Perhaps because the market has already priced in the first interest rate hike by the Japanese regulator since 2007. The sharp 400-point decline in USD/JPY observed last week was a reaction to insider information regarding the potential outcomes of the "shunto," which was subsequently confirmed. Market participants acted on the yen according to the principle of "buy the rumors, sell the news." As soon as the rumors became facts, the Japanese currency ceased to enjoy increased demand.
There is a Japanese term - "shunto" - which is usually translated as "spring wage offensive". In the context of the economy, this term refers to the annual wage negotiations between enterprise unions and the employers in Japan.
This is not a single negotiation process but a series of negotiations, all of which take place at the same time - at the beginning of March. This year, the "shunto" has already practically ended, and as a result, major Japanese companies have decided to increase their employees' salaries by an average of more than 4% - against the backdrop of a labor shortage and a significant increase in the cost of living. In 2023, the wage increase resulting from the "shunto" amounted to 3.65% - nearly a 30-year record. This year set a 32-year record. In particular, the Toyota corporation fully approved its union's request for a $190 equivalent monthly wage increase (the largest increase since comparable data was first disclosed in 1999). Automaker Honda also agreed to significantly raise annual wages, specifically by 5.6% (the highest rate of increase in the last 35 years). And so on.

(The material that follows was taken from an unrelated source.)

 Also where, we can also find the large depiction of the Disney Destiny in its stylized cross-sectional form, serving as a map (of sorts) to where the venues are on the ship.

Insider information shared that the results of the "shunto" will allow the Japanese central bank to reach a decision on normalizing monetary policy in March, and this information started to emerge as early as last week. For instance, sources at Reuters reported that "a growing number of BOJ policymakers are warming to the idea of ending negative interest rates this month" (this meeting scheduled for March 18-19), amid expectations of a significant increase in wages by major Japanese companies. According to one source, the results of the spring wage negotiations are likely to be strong, so the central bank probably "won't have to wait until April."

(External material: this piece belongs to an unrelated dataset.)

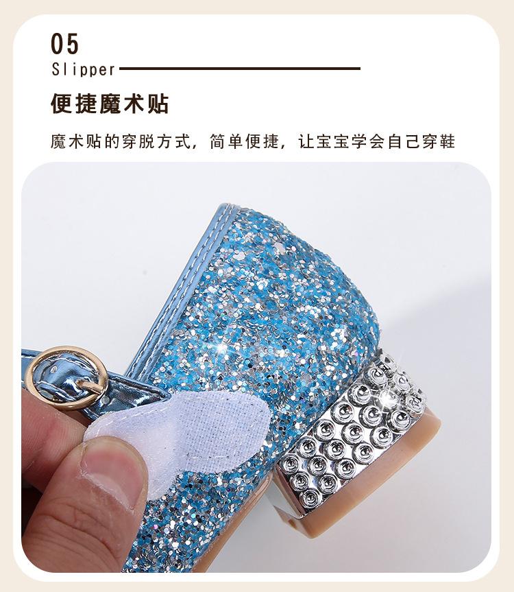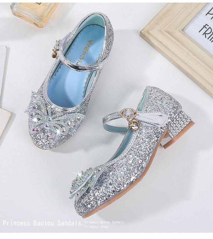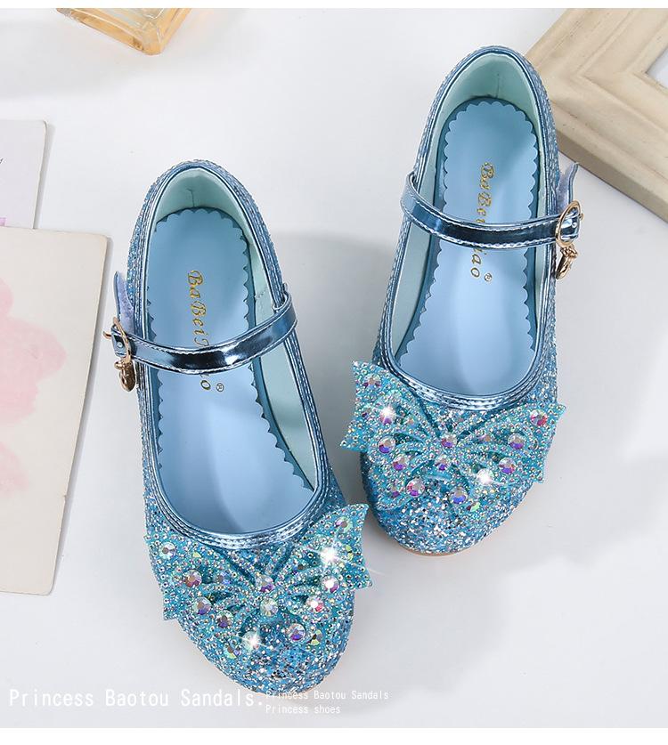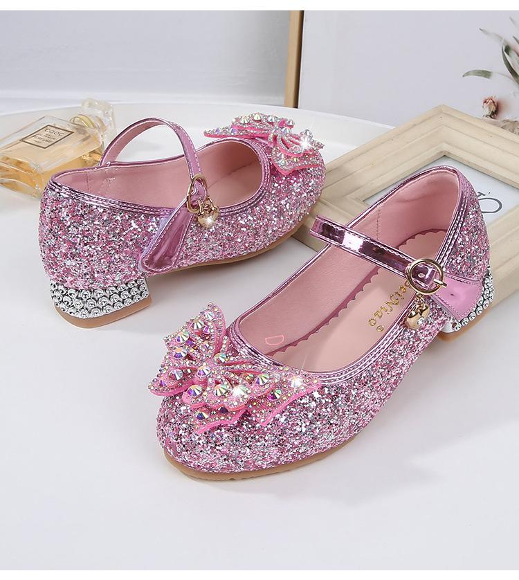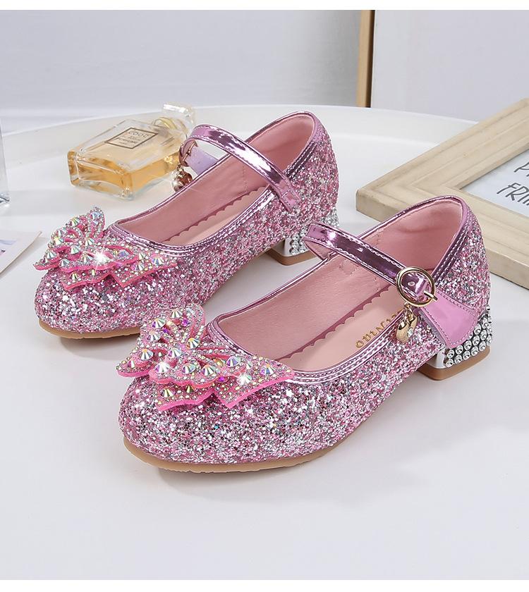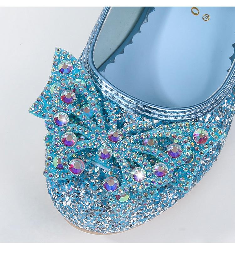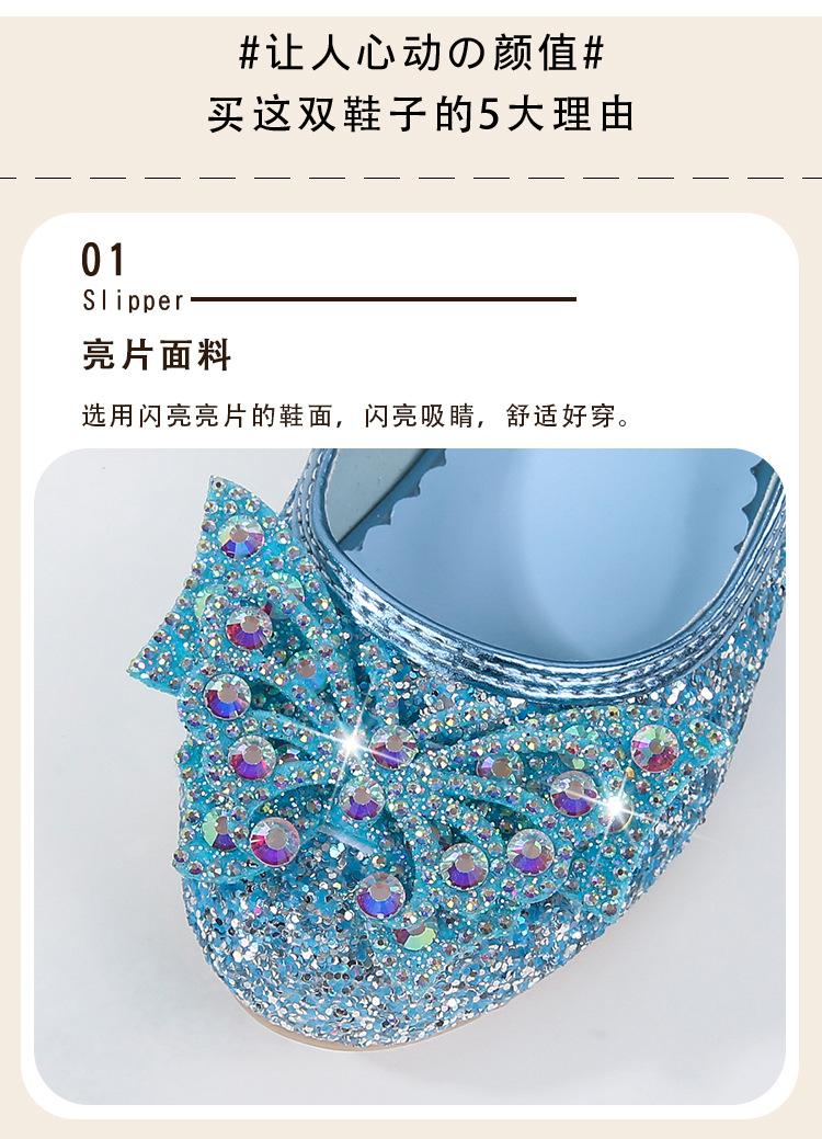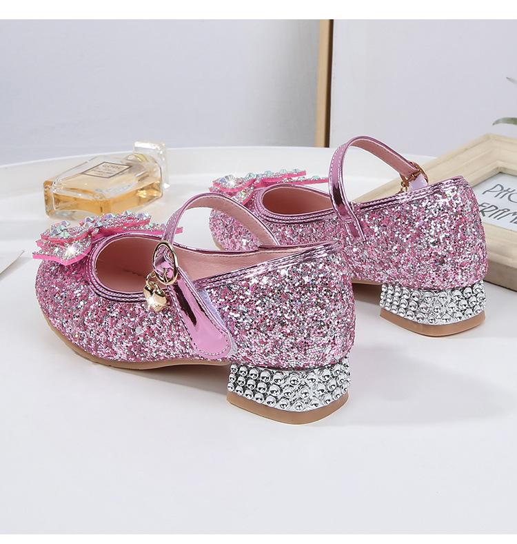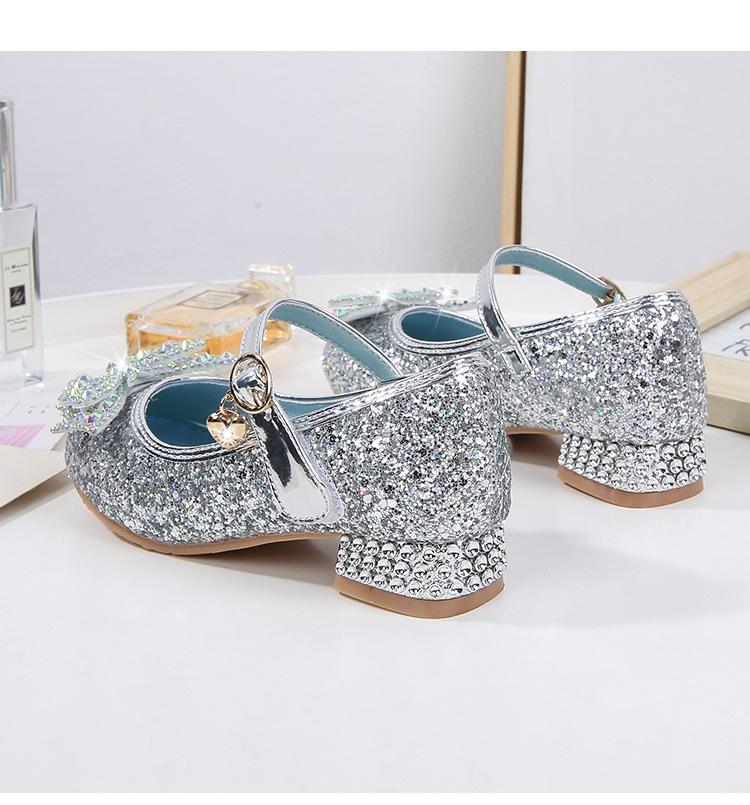 Suministro directo de fábrica de nuevos zapatos de cuero para niñas, zapatos de princesa con dibujos de copos de nieve, zapatos para niños con lentejuelas de cristal, zapatos para niños

Moreover, according to information from the Japanese news agency Jiji Press, following the March meeting, the BOJ will not only abandon negative rates but it is also considering ending its yield curve control programme and instead indicating in advance the amount of government bonds it plans to purchase.

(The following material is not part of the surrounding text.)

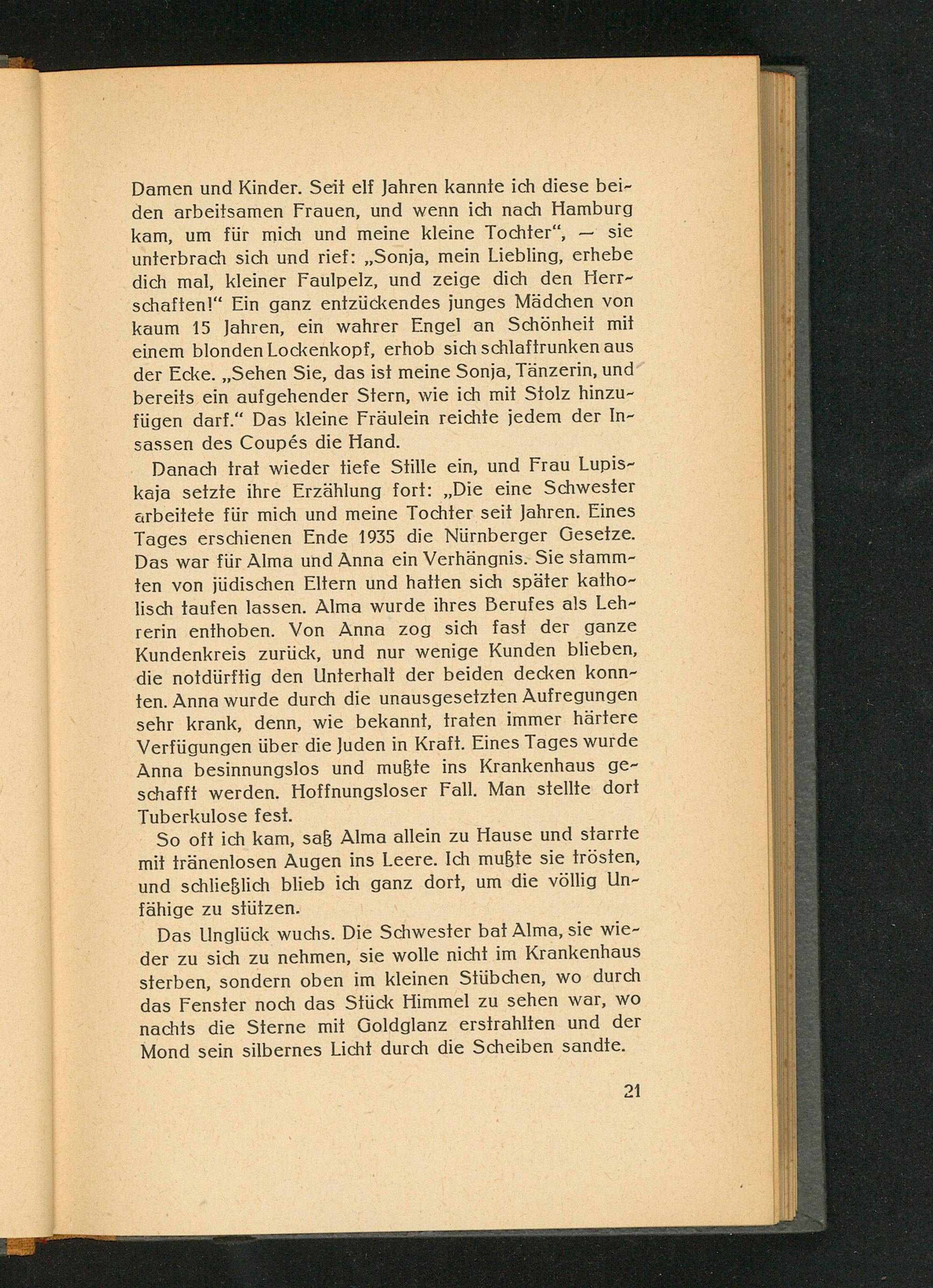 Danach trał wieder tiefe Stille ein, und Frau Lupiskaja setzte ihre Erzählung fort:„ Die eine Schwester arbeitete für mich und meine Tochter seit Jahren. Eines Tages erschienen Ende 1935 die Nürnberger Gesetze . Das war für Alma und Anna ein Verhängnis. Sie stammten von jüdischen Eltern und hatten sich später katholisch taufen lassen. Alma wurde ihres Berufes als Lehrerin enthoben. Von Anna zog sich fast der ganze Kundenkreis zurück, und nur wenige Kunden blieben, die notdürftig den Unterhalt der beiden decken konnten. Anna wurde durch die unausgesetzten Aufregungen sehr krank, denn, wie bekannt, traten immer härtere Verfügungen über die Juden in Kraft. Eines Tages wurde Anna besinnungslos und mußte ins Krankenhaus geschafft werden. Hoffnungsloser Fall. Man stellte dort Tuberkulose fest.

Such insights emerged last week, which intensified bearish pressure on USD/JPY, causing the pair to drop by over 400 pips in just a few days (from 150.50 to a four-week low of 146.40). However, this week the pair has started to regain momentum again, despite the likelihood of hawkish decisions being maintained.
In my opinion, traders partly discounted the insights about the BOJ's upcoming decisions. In addition, the soft rhetoric of central bank representatives (primarily Kazuo Ueda) with numerous "buts" and "ifs" played a role. In particular, the head of the BOJ said that the central bank will consider exiting ultra-loose policy but it "will be based on our understanding that sustainable achievement of our price" and if a positive cycle of wages and inflation emerges.
But have the necessary conditions been created in the context of the March meeting? In fact, this is an open question. All insider information boils down to the fact that central bank members are ready to discuss this issue. None of the insiders could answer whether there are votes for this decision. Furthermore, BOJ representatives always emphasize the message that the policy normalization process will be gradual and non-aggressive. In particular, BOJ Executive Director Tokiko Shimizu has repeatedly said that even if negative rates are abolished, it is important to maintain accommodative financial conditions. Ueda has mentioned something similar.
Therefore, USD/JPY buyers continue to hold their defense, demonstrating a bullish stance "against all odds." However, you may consider long positions only when the pair surpasses the resistance level of 148.20 (the upper Bollinger Bands line on the 4-hour chart). In that case, the next target for the upward movement will be the 149.00 level (the lower boundary of the Kumo cloud on the same timeframe).